Asked if he was surprised that CEA has attracted so much investment, Evans says he was not and notes that, even inside Virginia Tech, it’s not uncommon for his department to work with another college (say, the engineering college) on a CEA project.
“You’ve probably noticed this as you look at a lot of companies,” he says. “There are a lot of entrepreneurs and people driving this that may not have originally been even in horticulture to begin with. This is an area that has brought in a lot of non-traditional horticulture or greenhouse type people into it.”

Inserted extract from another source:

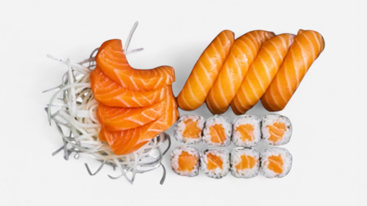 SASHIMI: 4 ks losos NIGRI: 4 ks losos MAKI: 8 ks losos
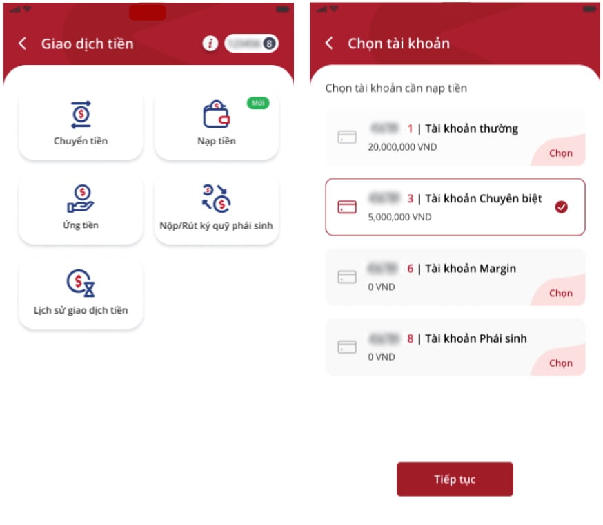 - Chọn TKCK mà Quý khách muốn nạp tiền và bấm Tiếp tục

“Those folks can often see things in different ways from the way that people like me see it having been in it for a long time. They often bring a new energy, new visions, new ideas. They aren’t boxed in and that creates a lot of really exciting ideas and energy. ... The other thing is that CEA always has been, and probably always will be, driven by technology. Improvements in LEDs, for example, have made indoor vertical farming possible. But technology is really a driver in this field. We look at, and as we work with companies, there are so many companies that see CEA and may have technologies that aren’t market ready or have that were developed for other uses in other markets, but might be really useful in CEA and need expertise to help them bring it over. That’s where we feel like we are really useful at partnering with the private sector.”
Ryan Dickson, professor and researcher, University of Arkansas
At the University of Arkansas, professor and extension specialist Ryan Dickson is working on a number of different projects. One is a collaboration for vertical farming leader Bowery Farming on developing spinach cultivars designed for CEA.

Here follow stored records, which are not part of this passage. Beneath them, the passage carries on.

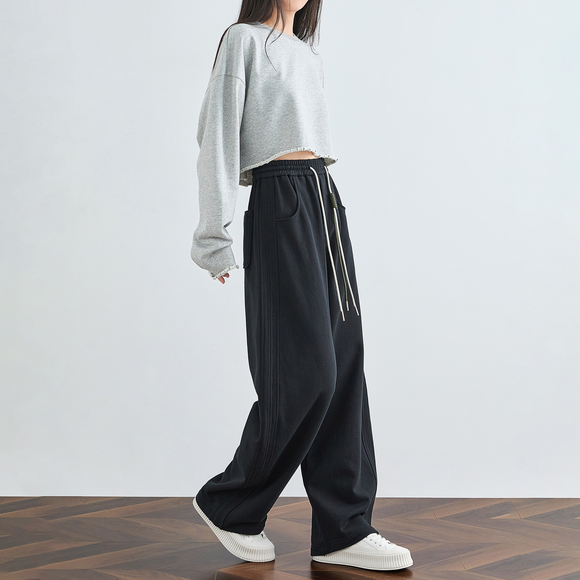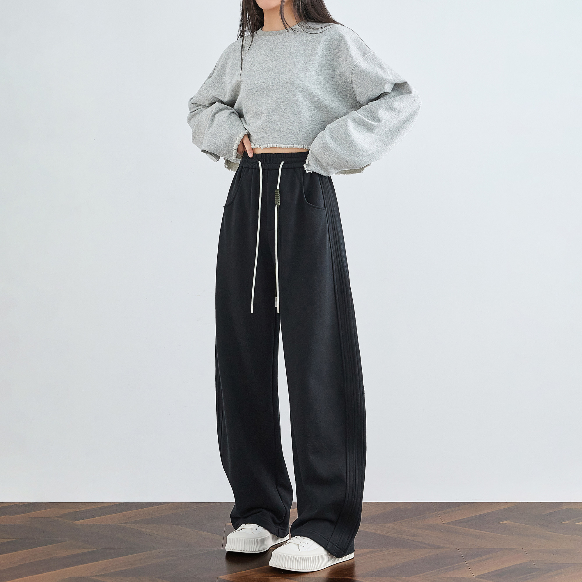 淘美式高街条纹字母阔腿运动休闲裤秋冬宽松直简日常穿搭慵懒卫裤女
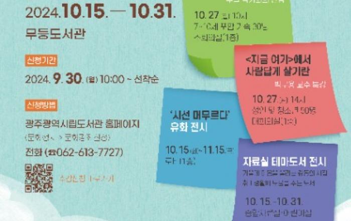 광주광역시시립도서관(무등·사직·산수)은 10월 문화의 달을 맞아 가족들이 함께 즐길 수 있는 강연·전시·체험행사 등 ‘시월 애(愛) 북크닉’ 행사를 운영한다.무등도서관은 오는 15일 유화작품 전시, 자료실 테마도서 전시를 시작으로, 19일 류현주 작가의 ‘반드시 성공
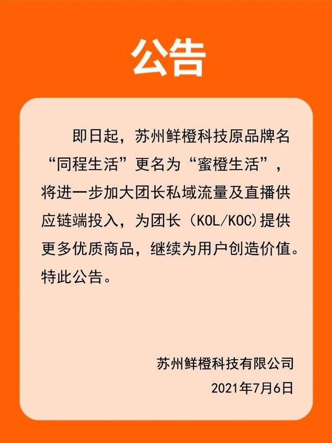 7月6日凌晨,何鹏宇发布公开信,请求合作方再给同程生活一些时间。公开信提到,鲜橙科技正面临着创业以来最困难的时刻,必须做出战略上转型调整。“即日起启用新的品牌名‘蜜橙生活’,围绕团长(KOL、KOC)进行供应链的创新,包括私域流量运营、直播运营、供应链赋能等。”

“We’re looking at resistance to Pythium for spinach,” Dickson says. “That’s in collaboration with Bowery. It’s looking promising. ... We’re basically screening selections of spinach to see if there’s any tolerance to Pythium and if different disease complexes matter in hydroponic systems.”
One other project Dickson is spearheading is growing blackberries indoors. Below, he explains the parameters of the project, how the technology is trickling over from Europe and why it’s a project he loves working on:
“We, at the University of Arkansas, have a world-renowned blackberry breeding program. We’ve teamed up with the plant breeders here and the extension faculty. My niche, my added value is working on growing blackberries in soilless substrates, mostly using long cane techniques. It can take several different shapes, but long cane is the generic term. It’s a technique that’s come out of Europe — it’s been used for decades for raspberries, as well as blackberries. The technology and that interest is just starting to filter over to North America.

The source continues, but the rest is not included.